Dear Colleagues,

At the Committee meeting on 1 October, I was appointed as the new rapporteur on the implementation of judgments of the European Court of Human Rights. I took over my predecessor Mr Evangelos Venizelos, who sadly left the Assembly following the latest electoral events in Greece.

It is a great honour for me to continue his work as well as the work of the previous rapporteurs on the Committee on this subject matter. Let me recall that the Committee’s first report on the implementation of Court judgments dates from June 2000. My report would be the 10th on this subject matter. The last one, authored by our former colleague Mr Pierre-Yves le Borgn’, dates from May 2017 and was followed by Assembly Resolution 2178 (2017) and Recommendation 2110 (2017).

During his mandate, Mr Venizelos took a number of steps in the preparation of the 10th report on the implementation of the Court’s judgments. The committee held two hearings with experts: one in April 2018 and another one in October 2018. Moreover, at the beginning of this year, Mr Venizelos organised four exchanges of views with heads or other representatives of national delegations of Turkey, Ukraine, Hungary and Italy.

In January 2018, Mr Venizelos presented to the Committee his introductory memorandum, in which he exposed his working methods as well as statistics concerning the implementation of Court judgments and information about the so-called “pockets of resistance” analysed in the 2017 report by Mr Le Borgn’. Today, I would like to submit to you a revised version of this document, including the most recent statistics coming from the Committee of Ministers and an update about the ‘problematic’ judgments mentioned in Mr Le Borgn’s report.

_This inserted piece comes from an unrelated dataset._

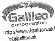
Galileo Corporation s.r.o. (zhotoviteľ)

Galileo Corporation s.r.o. Čierna Voda 488 925 08 Čierna Voda okres Galanta IČO: 47192941 DIČ: 2023788745 IČ DPH: SK 2023788745
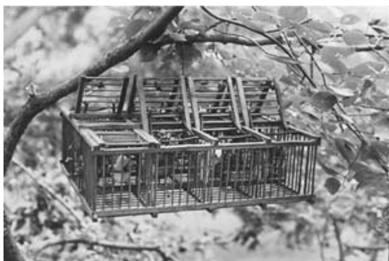
ヒメメジロを捕る落としかご。広州市で

2001年6月から、中国から日本への野鳥の輸出はついに止まった。しかし、日本の業者はそれは鳥インフルエンザ発生に伴う検疫の強化のせいで、流行がやめば輸入を再開するという。(編集参注)

I would like to point out, that according to the 2018 Annual Report of the Committee of Ministers’, at 31 December 2018,  6 151 cases – at different stages of execution – were pending before the Committee of Ministers. Thus, the overall number of judgments pending before the Committee of Ministers has considerably fallen in comparison with the end of 2016 (9 941). It should also be underlined that in 2018, the Committee of Ministers closed its supervision of 2 705 cases.

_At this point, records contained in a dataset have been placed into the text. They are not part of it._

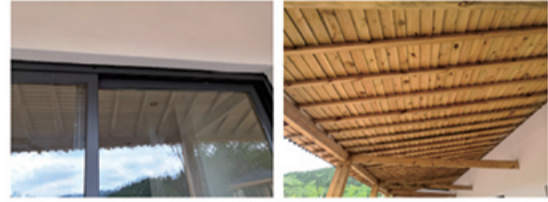
窗框与墙体之间未采用密封胶密封

质量问题： 根据案卷资料及现场勘查情况，涉案房屋门窗框与墙体之间未采用密封胶密封，不符合《建筑装饰装修工程质量验收标准》（GB/T50210-2018）6.3.7条的相关规定。涉案房屋吊顶上木基层板、木饰面板、木龙骨等木构件未按设计和防火规范要求进行防火、防腐、防虫处理，不符合《建筑装饰装修工程质量验收标准》GB50210-2001第3.2.9条及第6.1.8条规定。吊顶乳胶漆颜色局部泛黄，不符合《建筑装饰装修工程质量验收标准》（GB/T50210-2018）7.2.6条规定。
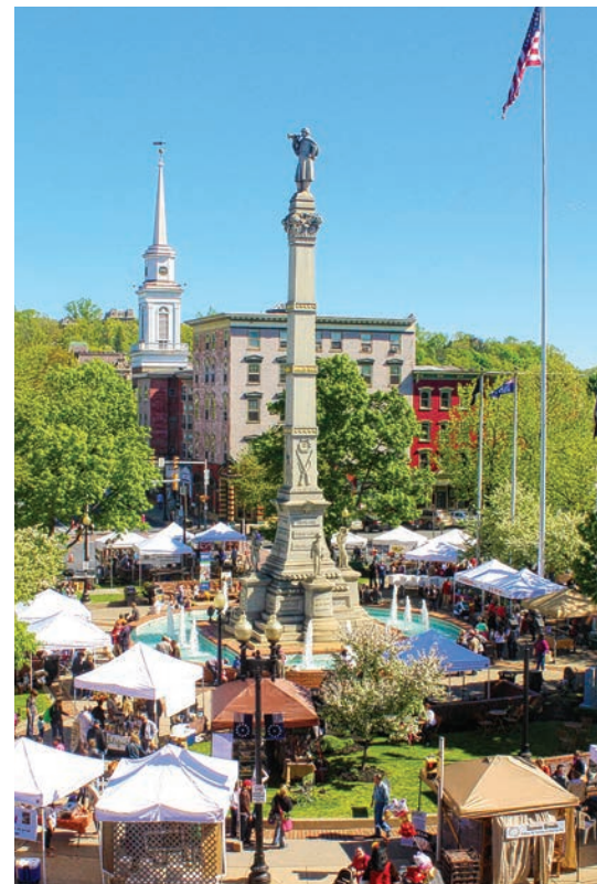
Les clients se retrouvent au marché des producteurs d'Easton.
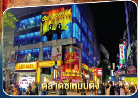
ตลาดซีเหมินตง
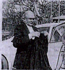
Senior lawyer Prashant Bhushan at the Supreme Court on Wednesday.

As of 31 December 2018, the 10 following countries had the largest number of pending cases: Russian Federation, Turkey, Ukraine, Romania, Hungary, Italy, Greece, Bulgaria, Azerbaijan  and the Republic of Moldova. As my predecessor Mr Venizelos organised exchanges of views with the heads of the delegations of four of those countries, I would like to continue this practice and I intend to organise an exchange of views with the head or another representative of the Romanian delegation at the Committee meeting in Paris on 10 December.

I would also like to recall that in February 2018, Mr Venizelos sent a letter to national delegations asking about the state of play of implementation of Resolution 2178 (2017). The replies provided to this letter have been summarised in the appendix to my information note that you will find in your files. Twenty-seven delegations have replied to this letter, but some of the provided answers are very general and insufficient and do not address all the recommendations contained in Resolution 2178 (2017). Nevertheless, some delegations have provided invaluable information about the parliamentary mechanisms for supervising the implementation of Court judgments.

Bearing this in mind, I would like to ask the Committee to declassify my information note, altogether with the appendix.